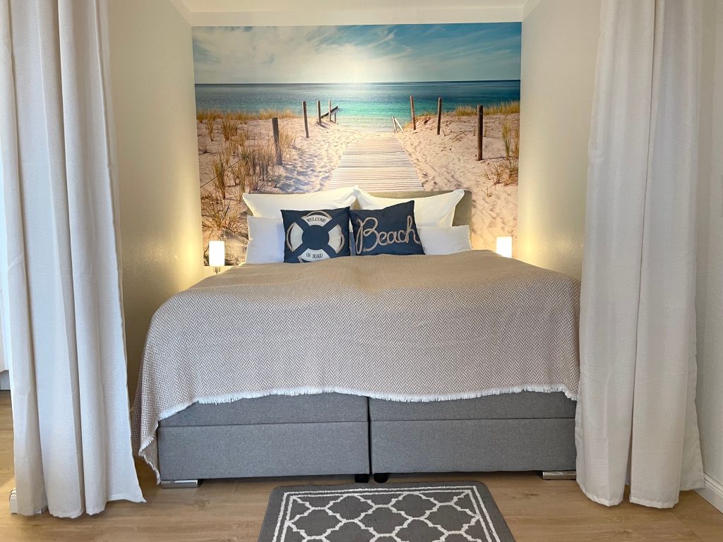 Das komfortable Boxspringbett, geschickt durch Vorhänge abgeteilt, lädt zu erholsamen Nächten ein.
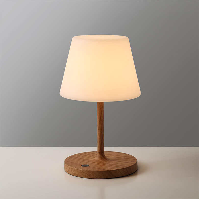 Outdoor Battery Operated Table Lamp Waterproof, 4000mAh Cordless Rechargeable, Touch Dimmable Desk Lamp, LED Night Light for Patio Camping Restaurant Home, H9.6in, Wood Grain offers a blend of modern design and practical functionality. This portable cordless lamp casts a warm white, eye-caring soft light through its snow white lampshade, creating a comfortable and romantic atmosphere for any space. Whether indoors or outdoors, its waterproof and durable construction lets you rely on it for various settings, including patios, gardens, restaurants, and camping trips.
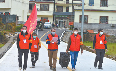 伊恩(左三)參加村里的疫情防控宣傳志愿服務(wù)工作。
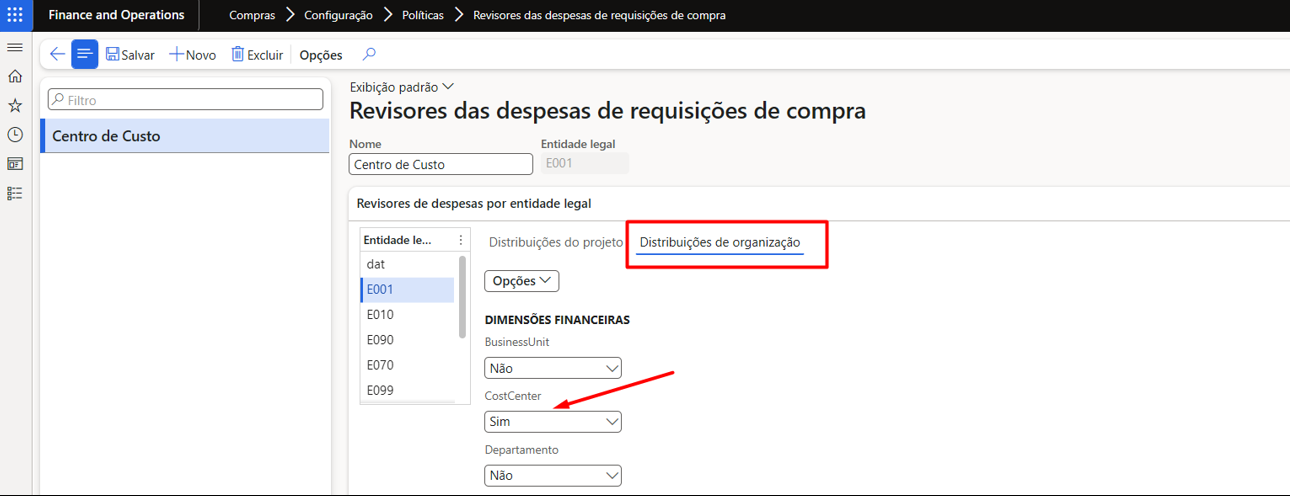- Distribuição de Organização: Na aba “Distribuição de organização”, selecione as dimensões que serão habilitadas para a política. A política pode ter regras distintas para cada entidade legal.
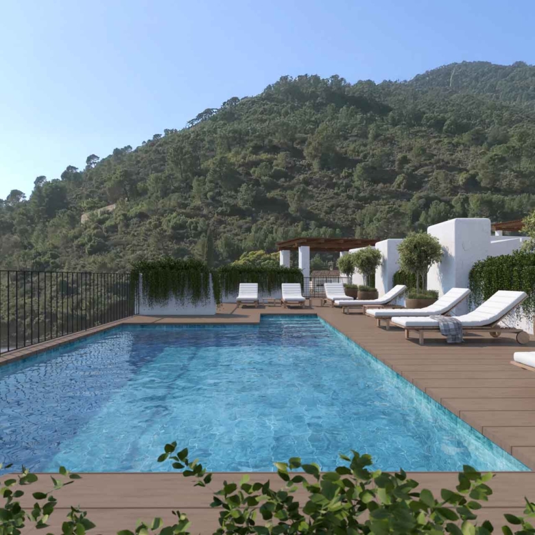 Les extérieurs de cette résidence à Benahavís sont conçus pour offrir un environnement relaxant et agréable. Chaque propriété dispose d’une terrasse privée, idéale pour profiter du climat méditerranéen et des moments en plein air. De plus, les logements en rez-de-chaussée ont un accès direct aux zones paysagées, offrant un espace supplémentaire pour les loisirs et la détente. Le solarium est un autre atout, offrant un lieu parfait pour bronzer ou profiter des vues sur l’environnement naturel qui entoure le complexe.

==========

TASK DESCRIPTION:
The entries above need to be transcribed word for word, and the pictures stay out.

EXERCISE RESULT:
 Das komfortable Boxspringbett, geschickt durch Vorhänge abgeteilt, lädt zu erholsamen Nächten ein.
 Outdoor Battery Operated Table Lamp Waterproof, 4000mAh Cordless Rechargeable, Touch Dimmable Desk Lamp, LED Night Light for Patio Camping Restaurant Home, H9.6in, Wood Grain offers a blend of modern design and practical functionality. This portable cordless lamp casts a warm white, eye-caring soft light through its snow white lampshade, creating a comfortable and romantic atmosphere for any space. Whether indoors or outdoors, its waterproof and durable construction lets you rely on it for various settings, including patios, gardens, restaurants, and camping trips.
 伊恩(左三)參加村里的疫情防控宣傳志愿服務(wù)工作。
- Distribuição de Organização: Na aba “Distribuição de organização”, selecione as dimensões que serão habilitadas para a política. A política pode ter regras distintas para cada entidade legal.
 Les extérieurs de cette résidence à Benahavís sont conçus pour offrir un environnement relaxant et agréable. Chaque propriété dispose d’une terrasse privée, idéale pour profiter du climat méditerranéen et des moments en plein air. De plus, les logements en rez-de-chaussée ont un accès direct aux zones paysagées, offrant un espace supplémentaire pour les loisirs et la détente. Le solarium est un autre atout, offrant un lieu parfait pour bronzer ou profiter des vues sur l’environnement naturel qui entoure le complexe.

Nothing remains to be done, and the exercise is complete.